Daeschler is largely responsible for a new exhibition titled “Life Onto Land: The Devonian,” which focuses on a crucial period of Earth’s evolution, the Devonian Period, more than 350 million years ago. Opened on Nov. 11 and continuing through Jan. 21, 2024, the exhibition presents animation, giant murals and models, CT scans, rare fossils, specimens and maps sharing key elements and discoveries of the Devonian, all to illuminate the catalytic period that transformed Earth into what people understand as the world today. 

A star of the exhibition will be Tiktaalik roseae (“Tiktaalik”), also known as the “fishapod,” one of the most important paleontological discoveries of recent decades and one made by the Academy’s research team in collaboration with colleagues from The University of Chicago and Harvard University. Tiktaalik has returned to Philadelphia for the exhibition. The team that discovered Tiktaalik on Ellesmere Island in the Nunavut Territory of Canada was co-led by Daeschler. 

Additional highlights of the Life Onto Land exhibit will further explain the scientific process of paleontologists who explore the globe to piece together the history of life on Earth.

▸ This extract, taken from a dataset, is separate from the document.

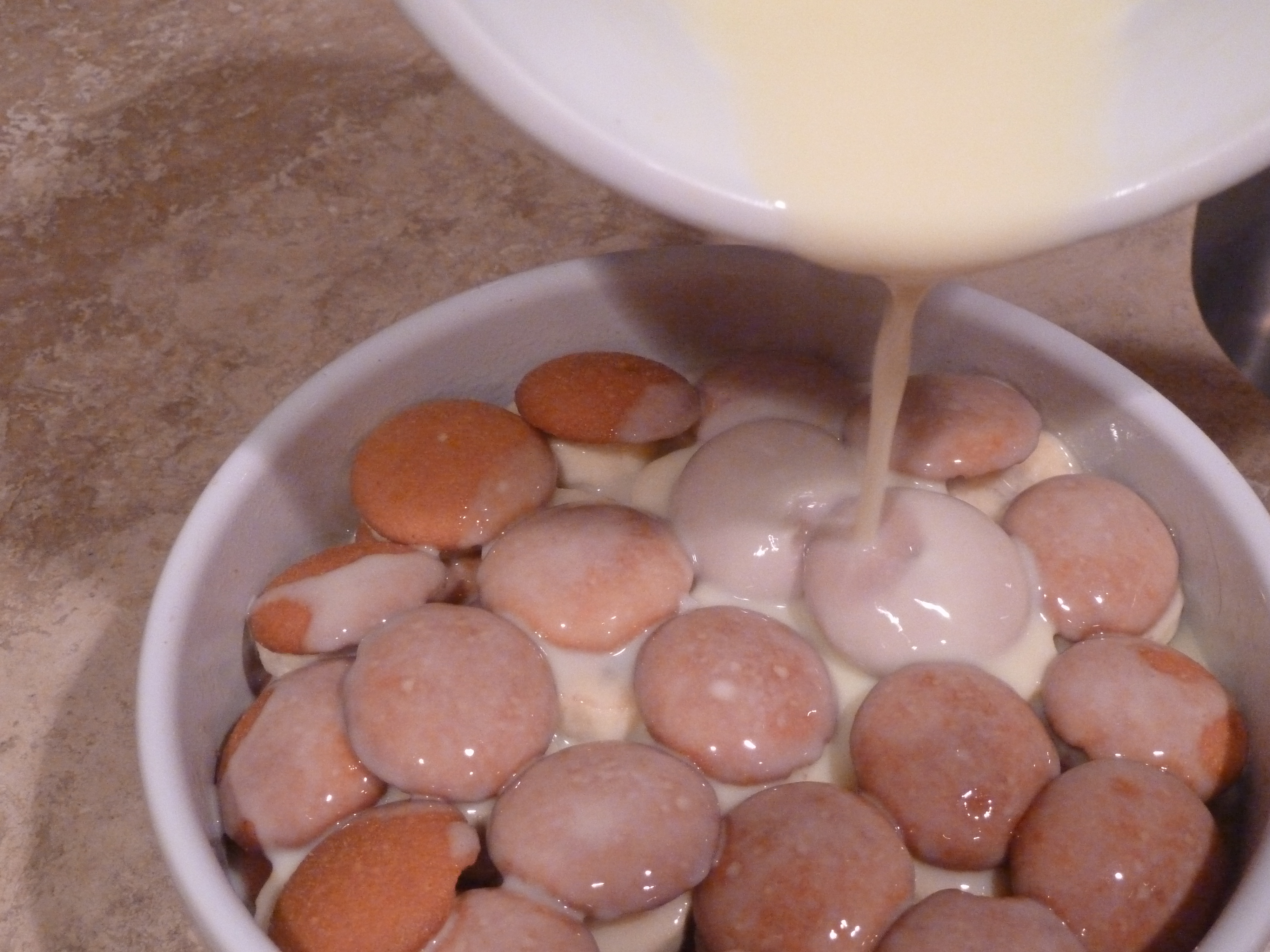 Pour the custard, which is as rich as liquid gold now, over the sliced bananas and vanilla wafers.

Spanning more than 50 million years (from approximately 420 to 365 million years ago) the Devonian Period witnessed dramatic changes to the earth's ecosystems and biodiversity, creating new ecosystems, especially freshwater and land-based environments, that were the crucible for the evolution of many new species including the earliest limbed vertebrates. 

“I was always interested in natural history as a kid, and geosciences became my career path when I attended Franklin & Marshall College,” Daeschler told us last week. “I became fascinated with the history of the earth and how we can 'read the rocks' to find clues and reconstruct that history. Part of geology is also the study of the diversity of life through the immensity of geological time. That is the realm of paleontology, and my focus became the history of vertebrate life during the past 500 million years, especially the chapter in that history called the Devonian Period.”

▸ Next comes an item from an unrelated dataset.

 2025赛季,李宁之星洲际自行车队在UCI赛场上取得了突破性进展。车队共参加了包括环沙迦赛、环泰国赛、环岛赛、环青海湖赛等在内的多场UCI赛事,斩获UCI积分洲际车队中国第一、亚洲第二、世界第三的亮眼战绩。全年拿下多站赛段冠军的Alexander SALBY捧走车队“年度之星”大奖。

The exhibit presents the environmental context for changes in marine, freshwater swamp and terrestrial ecosystems during this period, including the world’s first forests that were developed in the Devonian. The exhibition includes plant and animal fossils collected in Devonian rock worldwide, especially in Pennsylvania, and illustrations by Spanish artist Aina Bestard, whose works have depicted the evolution of the planet, complete with dinosaurs, amoebas, fossils and lost landscape drawings.

Deaschler, 64, received a Ph.D. from the University of Pennsylvania in 1998 and has been awarded recent research grants from the National Science Foundation, National Geographic Society and others. He is known for his work on the preservation of natural history collections and is the discoverer of the transitional fossil tetrapod Hynerpeton bassetti and a Devonian fish-like specimen of Sauripterus taylori with fingerlike appendages in addition to “Tiktaalik,” which is critical in piecing together a picture of the transition from fins to limbs. He has also been a professor in the Department of Biodiversity, Earth and Environmental Science at Drexel.

“This exhibition will inspire fascination for how our own arms, fingers and toes evolved from fish fins and how today’s forests emerged from ecosystems that first came into being hundreds of millions of years ago during the Devonian Period,”  Marina McDougall, the academy’s vice president of experience and engagement, said in a press release.

Daeschler is originally from North Jersey, but he spent summers in the Poconos. He and his wife, Emily, moved to Wyndmoor in 1993 and then to Chestnut Hill in 2011, where they raised three daughters. Emily is involved with the community, especially heading up the Chestnut Hill Garden District Fund, which adorns Germantown Avenue with flowers every summer.

Daeschler told us, “The highlight of my career has been the opportunity to explore for fossils in some really amazing locations. To camp in remote sites in Antarctica for a month at a time is not something that many people get to do, and I feel very privileged, although I realize it is not everybody's cup of tea. Ellesmere Island in the Nunavut Territory of Arctic Canada is also a rarely-visited, untouched part of the earth. The excitement of exploring where no paleontologist had ever visited before makes these sorts of opportunities very special for me, despite the hardships of the work.”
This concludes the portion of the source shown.